The threat from COVID-19 is certainly not the same as it once was, and vaccines and antiviral treatments have changed that. Those have been made available in the U.S. because the government declared COVID-19 a state of public health emergency, which allowed Congress to dedicate funds to provide those shots and therapies for free to the American public. The Department of Health and Human Services (HHS) recently renewed that designation until at least the end of October, and the WHO has not yet declared victory over COVID-19 either.
Declaring the pandemic over could jeopardize that continued funding, just when it might be needed most, to vaccinate people with the first Omicron booster before the winter. “When the administration is trying to get new money from Congress for COVID-19, it just seems like an ill-timed and inaccurate message,” says Toner. Already, the HHS has shifted funds from other health services to provide these booster at no cost to the public, according to Secretary Xavier Becerra during a recent briefing.

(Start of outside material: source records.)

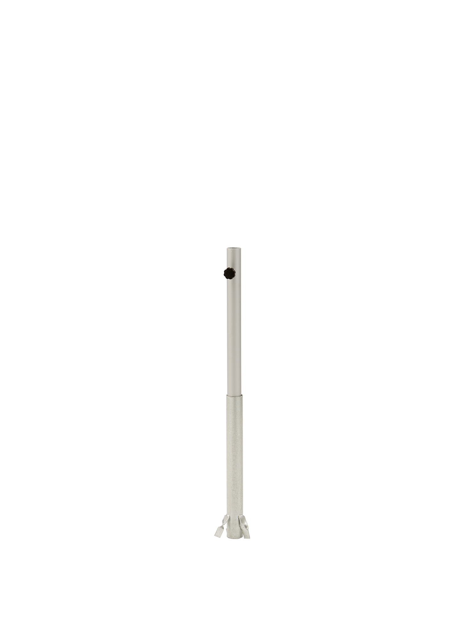 A ground socket is a good solution for permanently positioned parasols. It is anchored into the ground with concrete and thus ensures maximum hold. In winter the support sleeve can be removed and the aperture closed at ground level with a fitted cover. All ground sleeves are of galvanised steel.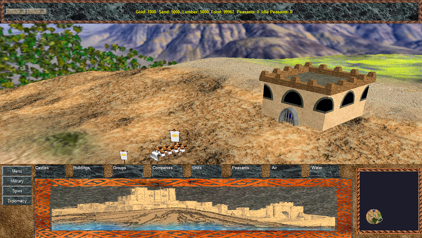SAND CASTLES is a Kingdom and Castle Building Real-Time Strategy / 4X game with a full 3D Graphics Engine. The game supports up to 6-players (human player or computer Artificial Intelligence). The game features true fog of war within the 3D game world. Your available resources are Gold, Sand, Lumber, and Food.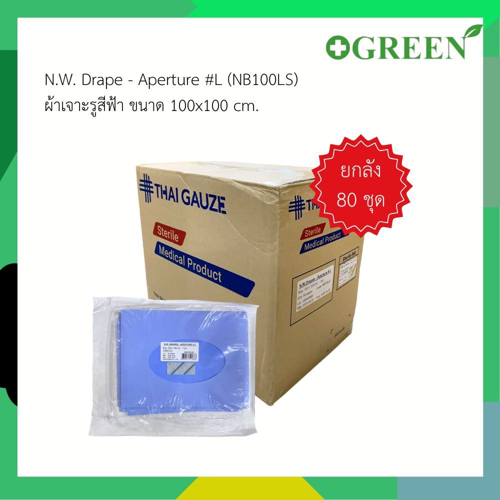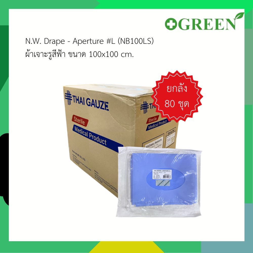 (ยกลัง) ผ้าเจาะรูสีฟ้า N.W. Drape - Aperture (NB100LS) ขนาด 100X100CM ใช้แล้วทิ้ง THAI GAUZE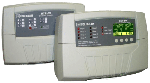 The Weil-McLain BCP-8 is a versatile boiler control panel designed for multi-stage hydronic and steam heating systems. Available in water (BCP-8W) and steam (BCP-8S) models, it manages up to 8 stages and can expand to 24 stages with optional BCP-8X extension modules. Key features include outdoor and system sensors, outdoor cutoff, purge delay, DHW pump relay output, and night setback options.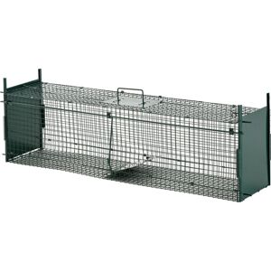 Introducing the PawHut animal trap – a two-door wonder designed for capturing multiple small animals. Its sensitive trigger ensures efficient pray capture. With a top handle for easy transportation, its discreet dark green colour helps confuse wildlife. A humane and efficient way of trapping pests, it's a versatile solution for a variety of needs. Specifications: ● Colour: Dark green ● Material: Metal ● Overall dimensions: 28H x 100L x 25Wcm. Dimension of entrance: 21H x 23Wcm. Thickness of wire: Ø1.8mm. Dimension of wire mesh: 1.9L x 1.9Wcm. Thickness of door panel: 1mm ● Item label: AB0-014 Features: ● Top handle for convenient transport ● Strong material keeps animals inside, so they cannot escape ● Can be used indoors and outdoors ● Highly sensitive trigger rod, making catching more easy ● A long design makes it possible to capture multiple animals at once ● It doesn't harm animals when inside ● A dark green colour blends well with outdoors ● The setting method is simple and easy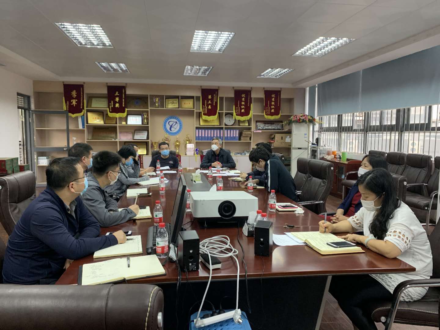 在12L103召开工作会议,传达学校统筹推进新冠肺炎疫情防控与年度重点工作部署会议的精神和要求,并部署2020年学院的相关工作。学院党政班子成员和各系主任参加了本次会议。会议由院长徐勇军主持。

When will COVID-19 be over? There are no strict definitions for what constitutes a pandemic, nor for when it has run its course. The scale of the disease, in terms of its range around the world, is among the primary criteria for declaring a pandemic, and similarly, declines in cases and spread of illness would factor into its completion. But those decisions are as much economic as they are epidemiological—as a pandemic, COVID-19 will cost the global economy $12.5 trillion by 2024, according to the latest estimates from the International Monetary Fund. And that funding has strained governments around the world, both in the developed and developing world; if COVID-19 is no longer a pandemic, that would mean governments might be less obligated to dedicate significant resources toward things like testing, vaccine programs, and treatments. And with the White House taking the lead in declaring the pandemic over, that might encourage governors of states who are already inclined to limit COVID-19 response measures to eliminate them altogether. That in turn could lead to lower protection as more people who aren’t boosted gather indoors, unmasked, during the colder weather when viruses spread more easily.
This winter will be an important one when it comes to seeing where the pandemic goes from here—with a new, more closely matched booster to the Omicron variant, it could continue to decline, getting closer to behaving like influenza. Or, if people believe that they don’t have to worry about COVID-19 any more, Omicron, or even a yet-to-named variant, could lead to another surge in cases.